Even modest differences mattered. People with below-average fitness had a 41% higher mortality risk than those with above-average fitness. And the benefits of high fitness didn’t plateau: among adults 70 and older, elite performers still had a 29% lower mortality risk compared to those in the merely “high” fitness category. In other words, there was no point at which additional aerobic fitness stopped being protective.
This is why the natural decline in VO2 max with age carries real health consequences. A sedentary person whose VO2 max drops below about 17 to 18 mL/kg/min may struggle with basic activities like climbing stairs or carrying groceries. The higher your VO2 max is when the decline begins, the more room you have before it starts limiting your independence.

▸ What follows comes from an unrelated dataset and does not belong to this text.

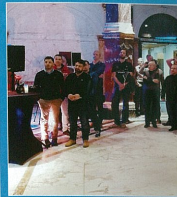
Guests at the Ecler anniversary party

What You Can Realistically Expect by Decade
If you’re sedentary, a rough timeline looks like this: your VO2 max peaks in your late twenties, drops about 8% through your thirties, continues falling at roughly 10% per decade through your forties and fifties, then accelerates to 15% or more per decade after 60. By 80, a sedentary person may have lost 50% or more of their peak aerobic capacity.

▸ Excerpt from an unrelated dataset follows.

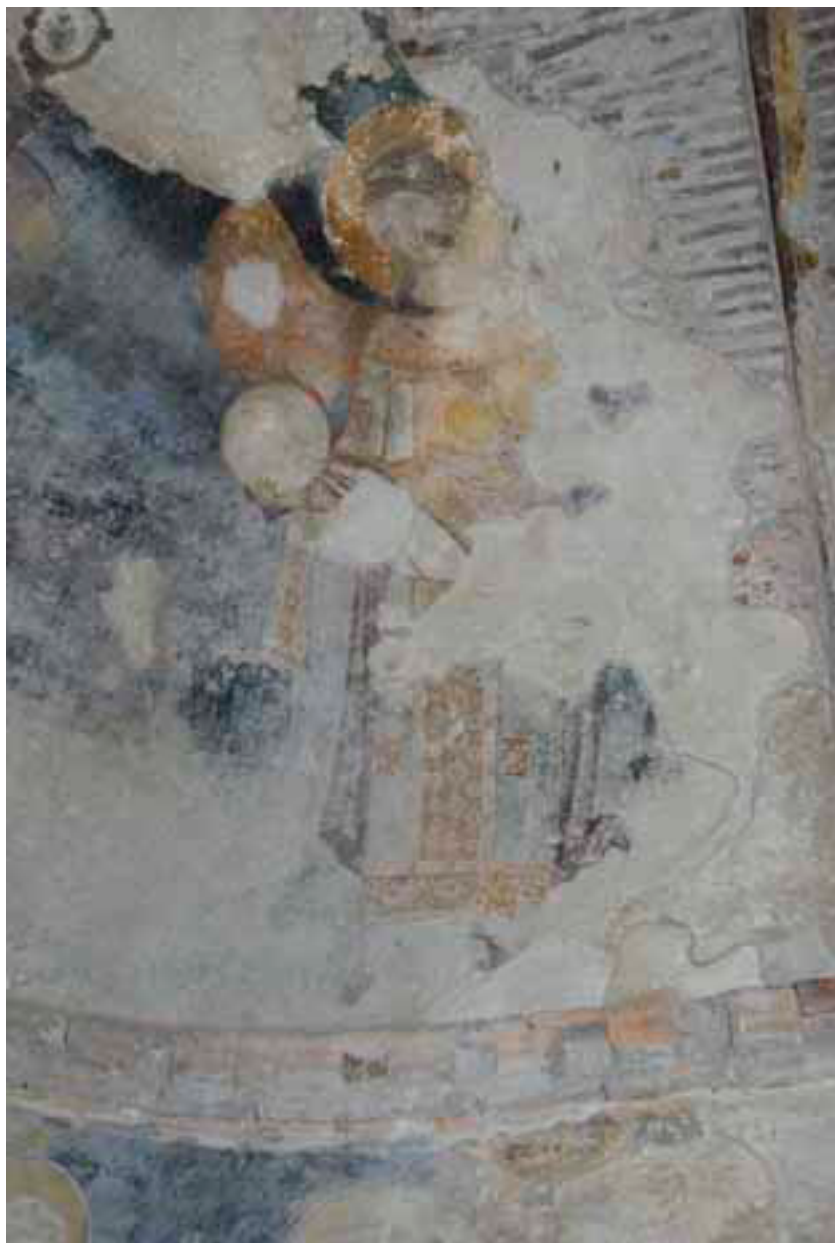
Fig. 1: Episkope Mastrou, Bema, apse.

If you stay active, the timeline compresses more slowly. Regular endurance training keeps the decline closer to 5% per decade through middle age. Even after 60, trained individuals lose aerobic capacity at a meaningfully slower rate than their sedentary peers, though the decline does still accelerate somewhat. The most important variable isn’t the type of exercise but the consistency of training volume over years and decades. Intensity matters too, but simply maintaining regular cardiovascular exercise at any reasonable level provides substantial protection against the steepest drops.